◆ DESCRIPTION OF THE TASK:
Beginning with the line that holds "色づき始めた山の木々や日の色" and ending with the last line below, please copy every line exactly, add nothing, and leave out the pictures.

◆ RECORDS FOR THE EXERCISE:
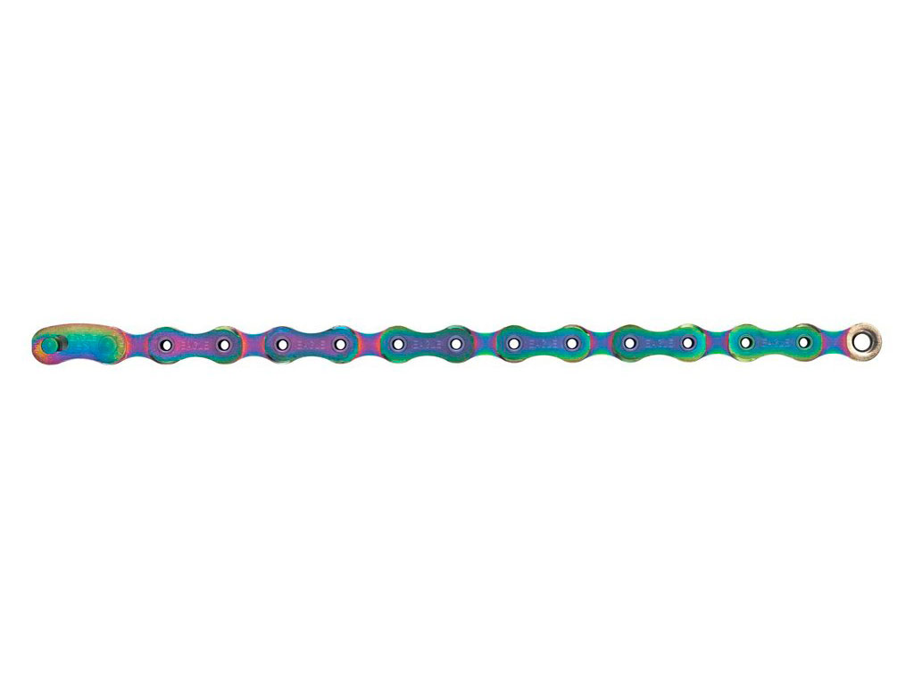 La cadena SRAM Eagle X01 es la pieza clave para que todo el engranaje del cambio funcione a la perfección. Cuenta con las tecnologÃas Hard Chrome y el tratamiento Titanium Nitride que tienen como objetivo mantener la corrosión a raya y mantiene el eslabón rápido que de tantos lÃos nos ha sacado pero que en la versión Eagle se rediseña también para garantizar su eficacia. Dado que la distancia entre las coronas es menor, la cadena también sufre un ligero estrechamiento, por este motivo SRAM ha recurrido a nuevos métodos de fabricación: cada eslabón está realizado mediante una técnica progresiva de estampación sobre el metal en varias fases, que otorga una alta precisión.
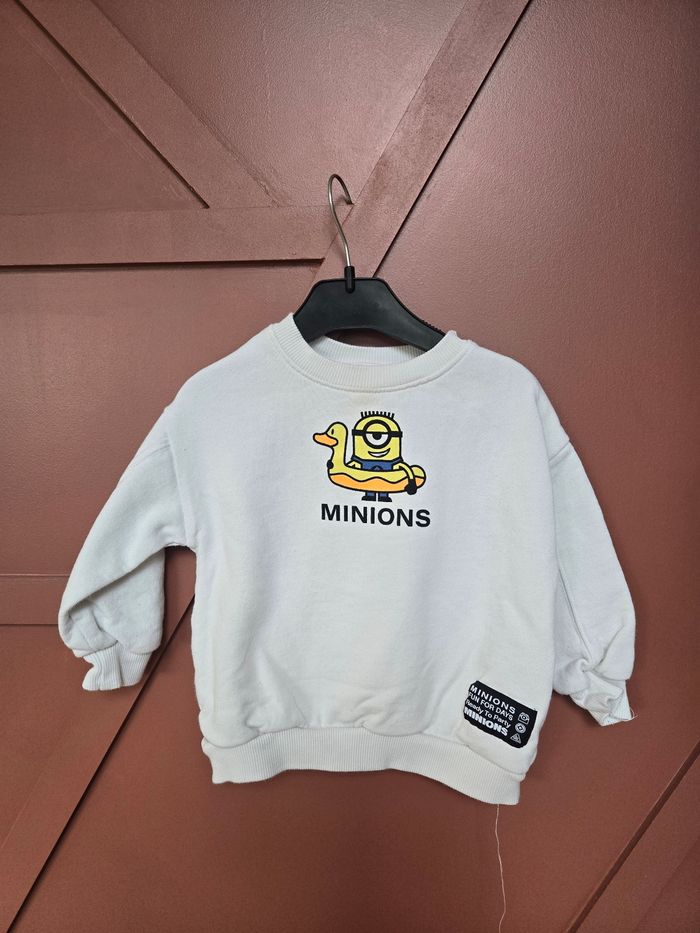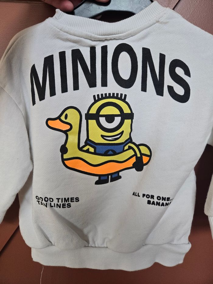 #18moisgarçon_tatianaalena #24moisgarçon_tatianaalena Joli sweat blanc Marque : Minions x zara Taille 📏 : 1 an 1/2 ( 86 cm ) État 🏷️: Tres bon etat Couleur 🎨 : Blanc / Jaune
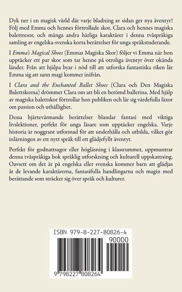 Dyk ner i en magisk värld där varje bladning av sidan ger nya äventyr! Följ med Emma och hennes förtrollade skor, Clara och hennes magiska balettresor, och många andra härliga karaktärer i denna tvåspråkiga samling av engelska-svenska korta berättelser för unga språkstuderande. I Emma's Magical Shoes (Emmas Magiska Skor) följer vi Emma när hon upptäcker ett par skor som tar henne på otroliga äventyr över okända länder. Från att hjälpa byar i nöd till att utforska fantastiska riken lär Emma sig att sann magi kommer inifrån. I Clara and the Enchanted Ballet Shoes (Clara och Den Magiska Balettskorna) drömmer Clara om att bli en berömd ballerina. Med hjälp av magiska balettskor förtrollar hon publiken och lär sig värdefulla läxor om passion och uthållighet. Dessa hjärtevärmande berättelser blandar fantasi med viktiga livslektioner, perfekt för unga läsare som upptäcker engelska. Varje historia är noggrant utformad för att underhålla och utbilda, vilket gör inlärningen av ett nytt språk till ett glädjefyllt äventyr. Perfekt för godnattsagor eller högläsning i klassrummet, uppmuntrar denna tvåspråkiga bok språklig utforskning och kulturell uppskattning. Oavsett om det är på engelska eller svenska kommer barn att glädjas åt de levande karaktärerna, fantasifulla handlingarna och magin med berättande som sträcker sig över språk och kulturer.
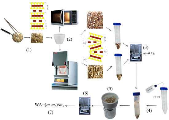 Illustration of the water immersion experiment of the vermiculite. (1) Cleaning of vermiculite by hand-picking of minerals other than vermiculite. (2) Vermiculite expansion by heating in an electric furnace at different temperatures and by microwave irradiation. (3) Weight of 0.5 g of expanded vermiculite (m0). (4) Immersion of expanded vermiculite in 25 mL of distilled water during different times. (5) Filtered and dried at room temperature (20 °C) of vermiculite. (6) Weight of vermiculite (m). (7) Obtaining WA.
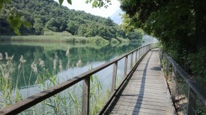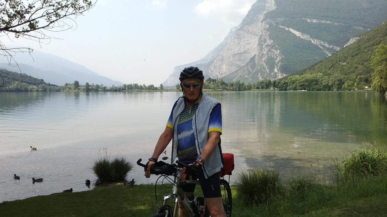 Arrivo alla piccola rotatoria che preavvisa l’inizio del Lago Toblino. Con cautela traverso la strada e mi immetto sul sentiero sterrato- passerella di legno che prima conduce e poi costeggia il lago. Bellissimo. Alla fine, un po’ di marciapiede mi conduce a Sarche. Non entro in paese, una strada a sinistra funge da circonvallazione, verso il cimitero (alti cipressi). Indi verso sud. Qualche piccolo saliscendi, il Sarca, il Lago di Cavedine. Un saluto al mio amico Andrea Danielli, titolare del locale centro velico, un caffè. Torno 3 km verso nord, a sinistra sulla passerella sul fiume, bretella sul fiume, indi  periferia di Pietramurata. Ancòra verso sud, ciclabile ora tutta asfaltata (novità di quest’anno), un tratto in discesa al 20%, verso la Centrale di Fies e Drò.
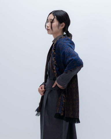 色づき始めた山の木々や日の色によって変化する街の景色、鳥から見た里山、ぼんやりと心の中に残る愛おしい風景をモザイクのようにぼんやりと表現しています。 そんな景色とともに感じる、ウールのマフラーはこれからの肌寒くなる季節にそっと首元に優しさとあたたかさを感じることのできるアイテム。
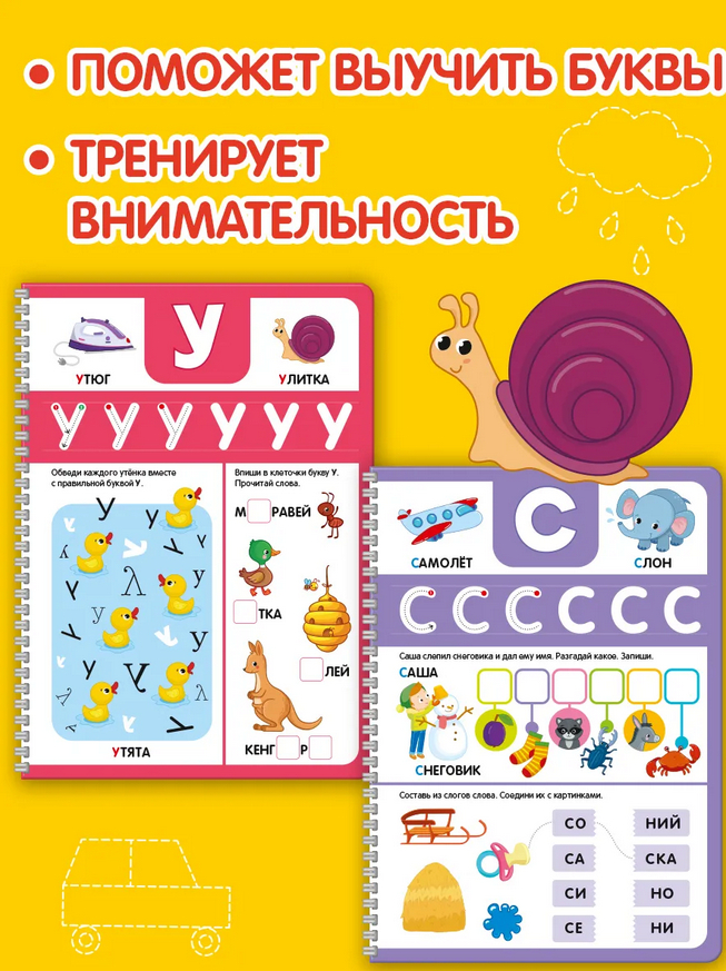 Увлекательное красочное издание в игровой форме познакомит вашего ребёнка с буквами русского алфавита. Разнообразные виды заданий направлены на развитие креативности, памяти, логического мышления и воображения.

◆ ANSWER AREA:
 色づき始めた山の木々や日の色によって変化する街の景色、鳥から見た里山、ぼんやりと心の中に残る愛おしい風景をモザイクのようにぼんやりと表現しています。 そんな景色とともに感じる、ウールのマフラーはこれからの肌寒くなる季節にそっと首元に優しさとあたたかさを感じることのできるアイテム。
 Увлекательное красочное издание в игровой форме познакомит вашего ребёнка с буквами русского алфавита. Разнообразные виды заданий направлены на развитие креативности, памяти, логического мышления и воображения.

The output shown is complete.